Department of Biomedicine and Prevention, University of Rome Tor Vergata, Rome, Italy.
Nursing, Technical, Rehabilitation, Assistance and Research Departement, IRCCS Istituti Fisioterapici Ospitalieri, IFO, Rome, Italy.
Public Health Nurs. 2022 Jul;39(4):876-897. doi: 10.1111/phn.13037. Epub 2021 Dec 30.

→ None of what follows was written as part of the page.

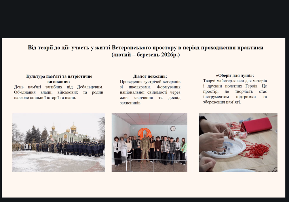 Практика стає не просто частиною освітнього процесу – вона перетворюється на простір формування професійної ідентичності. Саме тут з’являється усвідомлення: соціальна робота в поствоєнний період – це про відновлення не лише людей, а й сенсів.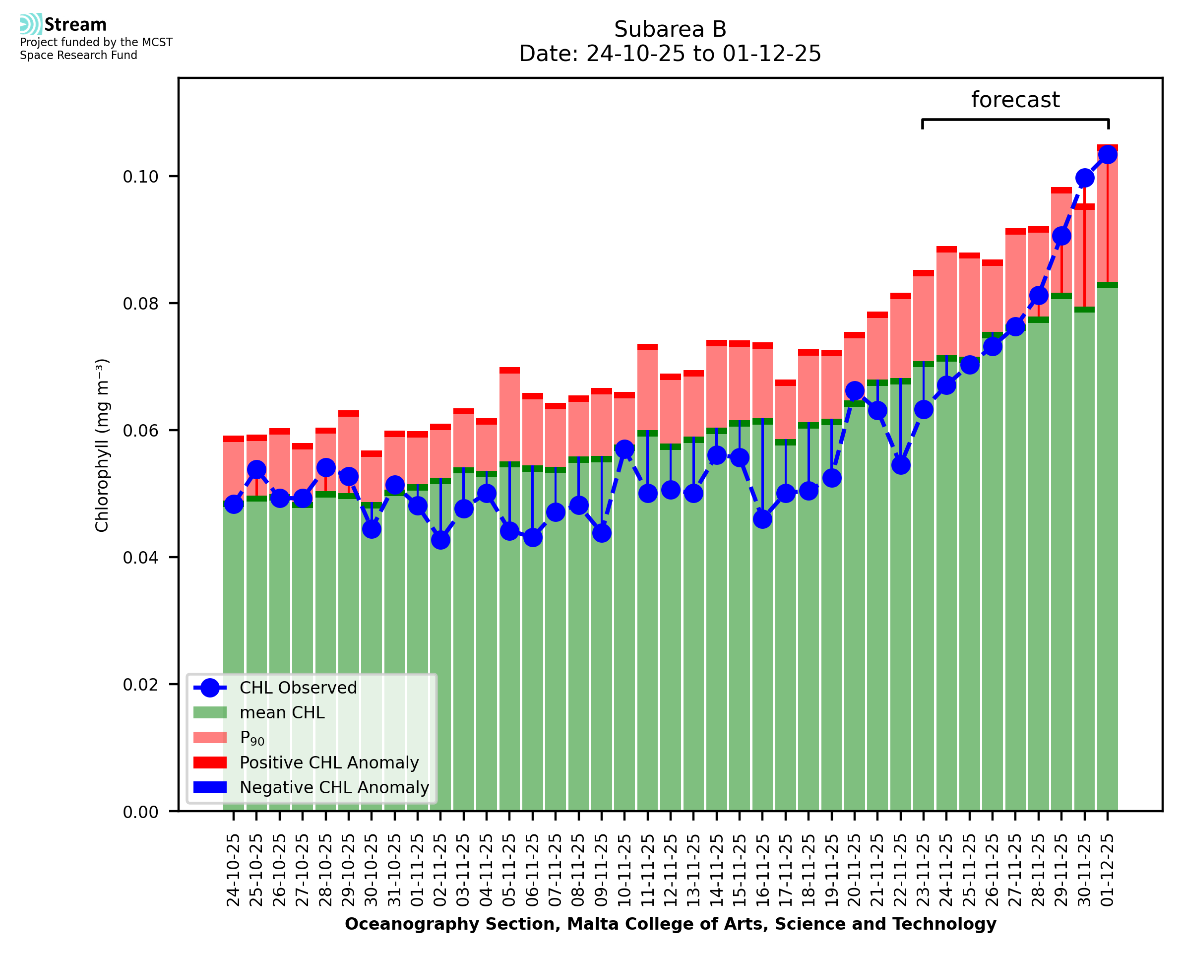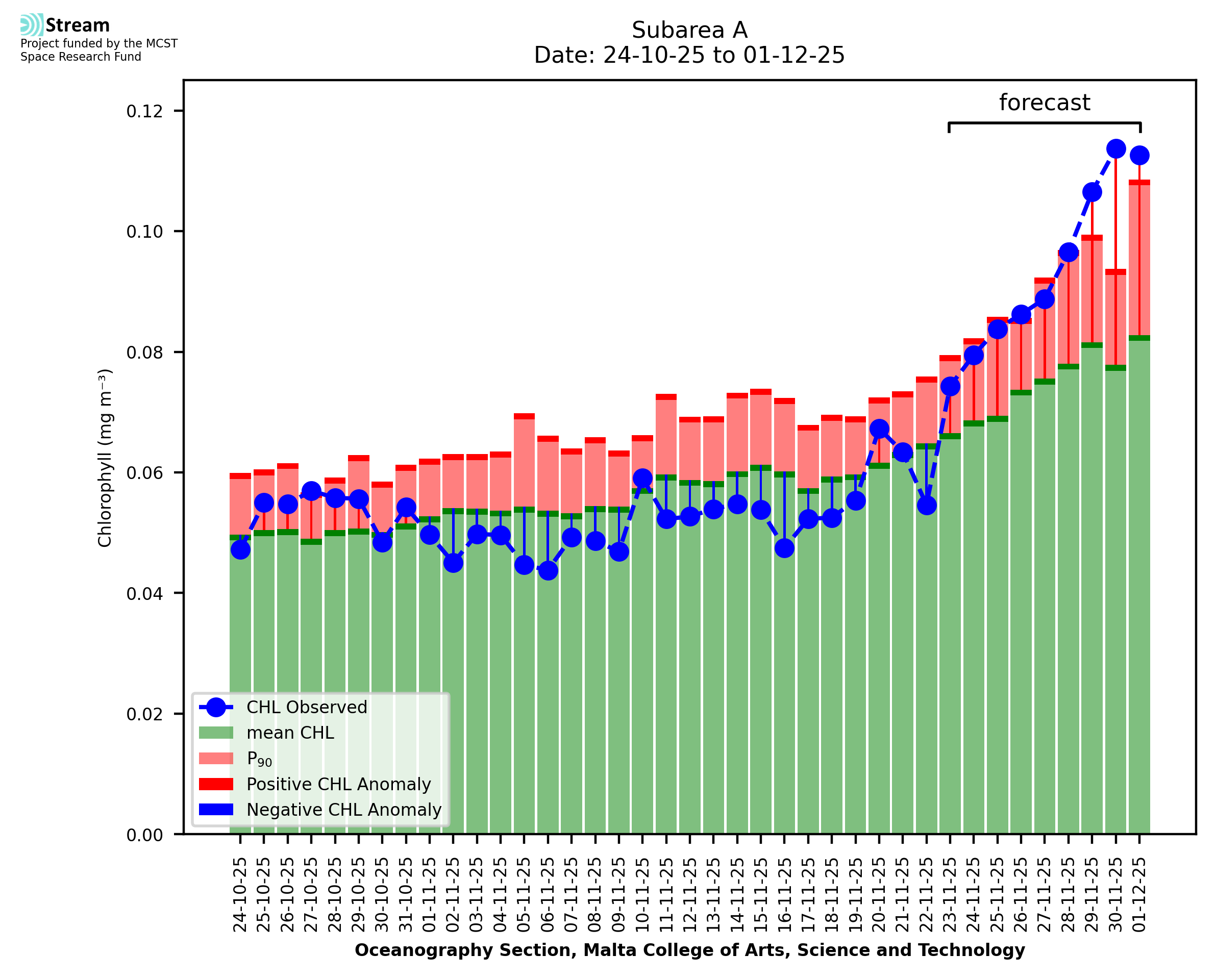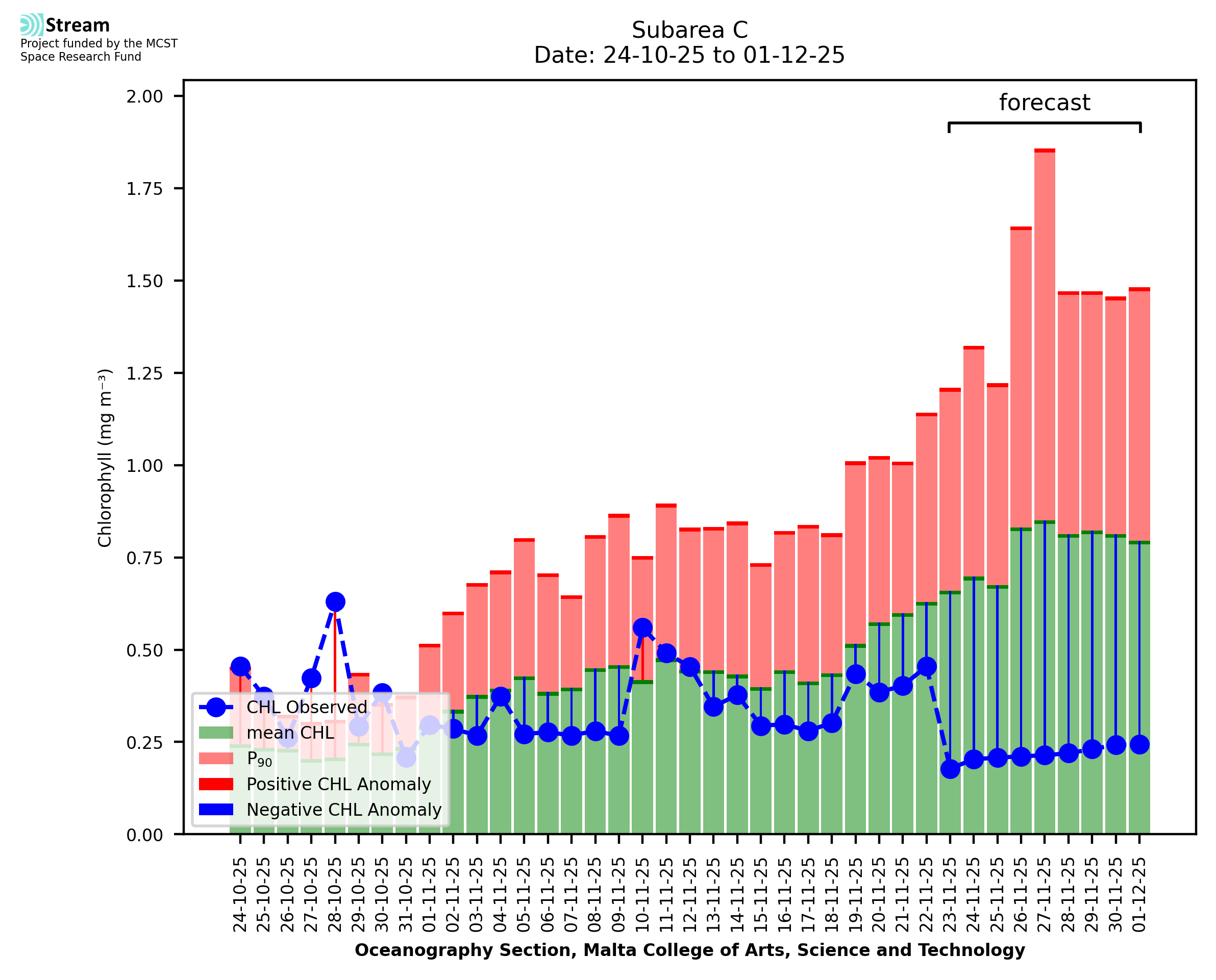 This STREAM service provides daily analysis of mass concentration of chlorophyll-a (CHL) anomalies, including spatial index maps for high chlorophyll occurrence and intensity in the Malta shelf area. User specific requests for data access and visualisation are planned for delivery on the STREAM mobile app. CHL is a core parameter in the Marine Strategy Framework Directive which provides the common framework for the assessment of the state of health of coastal seas to ensure coherence with the set goals of productive, healthy and clean European seas. CHL is considered to be a proxy of phythoplankton biomass and hence for eutrophication. Measuring chlorophyll is an indication of how much primary production is occurring in the sea.

Many studies analyze the medication errors in the hospital setting, but the literature involving the home care setting seems scarce. The aim of this study is to identify the main risk factors that affect the genesis of medication errors and the possible solutions to reduce the phenomenon in the home care setting. This systematic review was performed according to the Preferred Reporting Items for Systematic Reviews and Meta-Analyses (PRISMA) statement. The critical analysis of the literature shows that medication errors in home care occur mainly during transitional care. The main risk factors related to transitional care are poor interprofessional communication, lack of a standardized process for medication reconciliation, the widespread use of computerized tools, and the inadequate integration of the pharmacist into the care team. The strategies to reduce the risk of errors from therapy at home are the implementation of the pharmacist in the health team to ensure accurate medication reconciliation and the use of computerized tools to improve communication between professionals and to reduce the dispersion of information.
许多研究分析了医院环境中的用药错误,但涉及家庭护理环境的文献似乎很少。本研究旨在确定影响用药错误发生的主要风险因素,以及减少家庭护理环境中这种现象的可能解决方案。本系统评价是根据系统评价和荟萃分析的首选报告项目 (PRISMA) 声明进行的。文献的批判性分析表明,家庭护理中的用药错误主要发生在过渡护理期间。与过渡护理相关的主要风险因素是跨专业沟通不畅、缺乏标准化的药物调整流程、计算机化工具的广泛使用以及药剂师在护理团队中的整合不足。减少家庭治疗风险的策略是在医疗团队中实施药剂师,以确保准确的药物调整,并使用计算机化工具来改善专业人员之间的沟通,减少信息的分散。